UDK 621.78.084:620.3 Professional article/Strokovni članek
ISSN 1580-2949 MTAEC9, 47(1)125(2013)
INVESTIGATION OF THE COOLING PROCESS WITH NANOFLUIDS ACCORDING TO ISO 9950 AND ASTM D
6482 STANDARDS
PREISKAVA POSTOPKA OHLAJANJA V NANOTEKOČINI PO STANDARDIH ISO 9950 IN ASTM D 6482
Josip Župan, Darko Landek, Tomislav Filetin
University of Zagreb, Faculty of Mechanical Engineering and Naval Architecture, Quenching Research Centre (QRC), I. Lucica 5, 10000 Zagreb, Croatia josip.zupan@fsb.hr
Prejem rokopisa — received: 2012-09-01; sprejem za objavo - accepted for publication: 2012-09-19
Introducing nanofluids as liquid quenchants in order to improve the heat-transfer characteristics is a novel approach in heat treatment. These new liquid quenchants are called nanoquenchants and are colloid suspensions of nanoparticles in the base fluid (BF). For the purpose of this research standard liquid quenchants, such as water and polymer solution, were used as base fluids. Nanoparticles were added to the base fluid in order to increase its thermal properties without a significant effect on the viscosity of the fluid. The added nanoparticles cause an enhancement of the heat-transfer characteristics of the liquid quenchants. In this research TiO2 nanoparticles, with the average size of 50 nm, were added to the base fluid. The cooling curves for every tested quenchant were recorded using the IVF SmartQuench system and the quenching process parameters were determined and compared. The tested quenchants were deionised water and polyalkylene-glycol (PAG) water solutions of (5, 10 and 20) % in volume fractions of polymer concentrations. Quenching experiments were first conducted in pure BFs without the addition of nanoparticles and without agitation according to the ISO 9950 standard. The experiments were then repeated with an addition of 0.2 g/l TiO2 nanoparticles. The second series of experiments was conducted in a quenching bath with agitation according to the ASTM D 6482 standard. All of the recorded cooling curves were compared and the effects of the nanoparticle addition and agitation were investigated. The addition of the nanoparticles and quenching with agitation caused an increase in the maximum cooling rate and a shorter full-film stage.

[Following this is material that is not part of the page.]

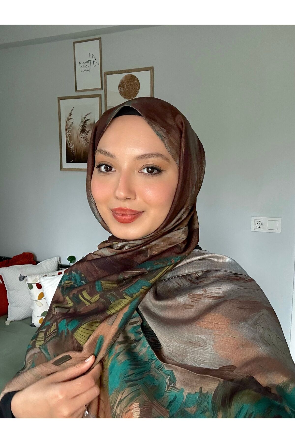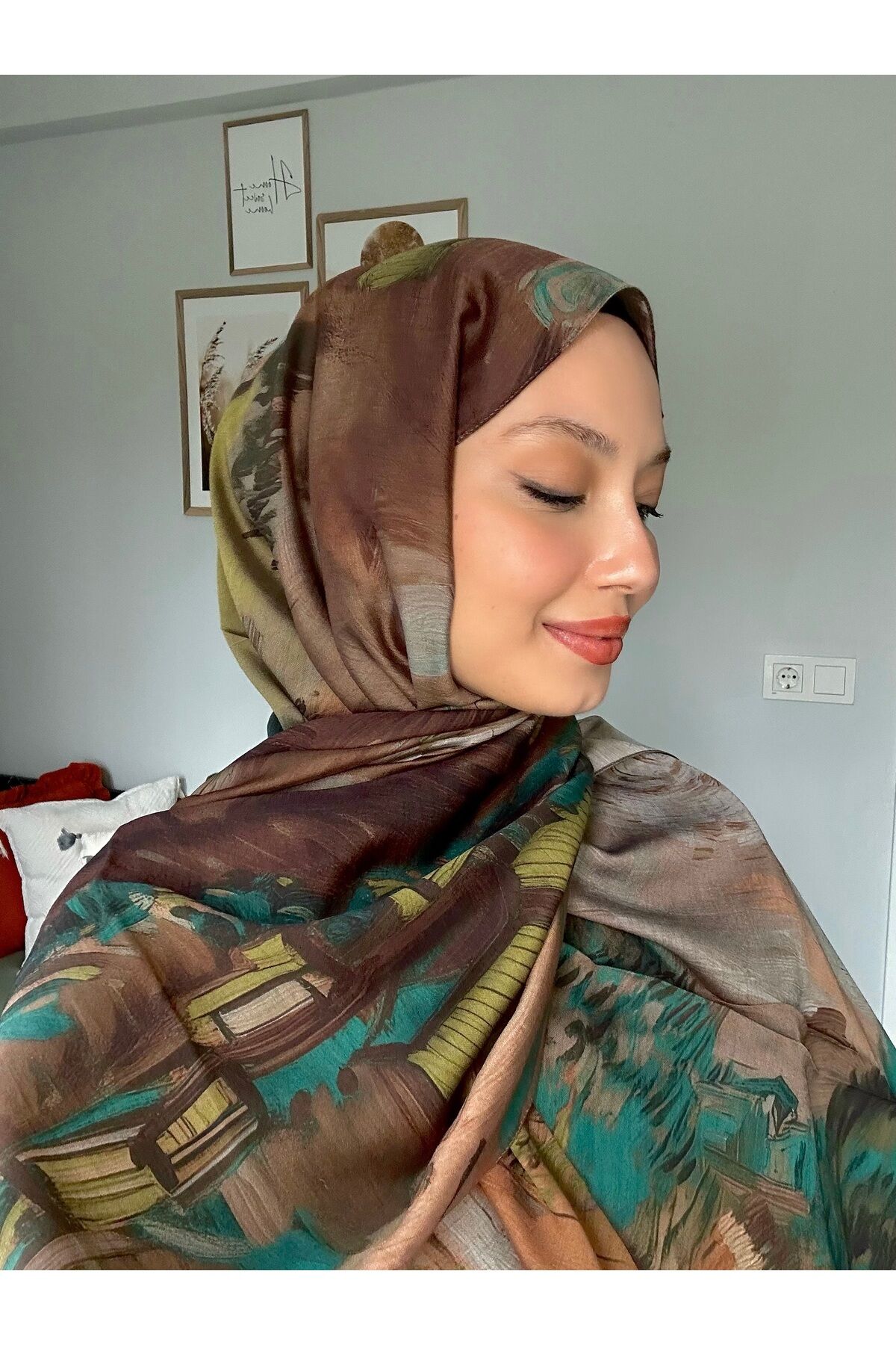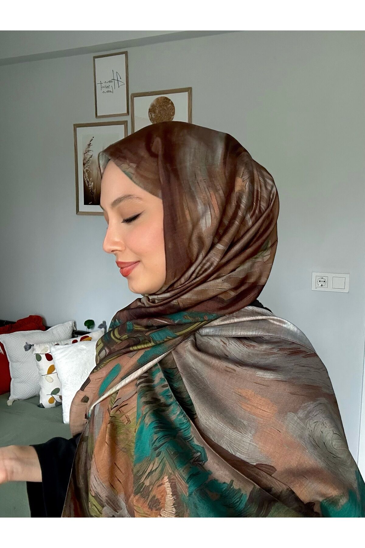 Tasarım İpeksi Şal - Van Gogh Yeşil

Keywords: quenching, nanofluids, agitation, TiO2 nanoparticles
Uvajanje nanotekočin za kaljenje za izboljšanje lastnosti prenosa toplote je nov način toplotne obdelave. Te nove tekočine za kaljenje se imenujejo nanokalilne tekočine, ki so koloidna suspenzija nanodelcev v osnovni tekočini (BF). Za preiskavo je bila kot standardna tekočina za kaljenje uporabljena mešanica vode in raztopine polimera. Nanodelci so bili dodani osnovni tekočini za povečanje termičnih lastnosti brez velikega učinka na viskoznost tekočine. Dodani nanodelci so povečali toplotno prevodnost tekočine za kaljenje. V tej raziskavi so bili dodani osnovni tekočini nanodelci TiO2 povprečne velikosti 50 nm. Krivulje ohlajanja za vsako preizkušeno kalilno tekočino so bile posnete s sistemom IVF SmartQuench in procesni parametri kaljenja so bili določeni in primerjani. Preizkušene kalilne tekočine so bile deionizirana voda, vodna raztopina polialkilen glikola (PAG) z volumenskim deležem (5, 10 in 20) % polimera. Preizkusi kaljenja so bili najprej izvršeni v osnovni tekočini (BF) brez dodatka nanodelcev in brez premešavanja, skladno s standardom ISO 9950. Eksperimenti so bili nato ponovljeni z dodatkom nanodelecev 0,2 g/l TiO2. Druga serija preizkusov je bila izvršena v kalilni kopeli s premešavanjem, kot določa standard ASTM D 6482. Vse posnete krivulje so bile primerjane in preiskovan je bil tudi učinek dodatka nanodelcev in premešavanja. Dodatek nanodelcev in kaljenje s premešavanjem sta povzročila povečanje maksimalne hitrosti hlajenja in krajše stanje popolnega prekritja s paro.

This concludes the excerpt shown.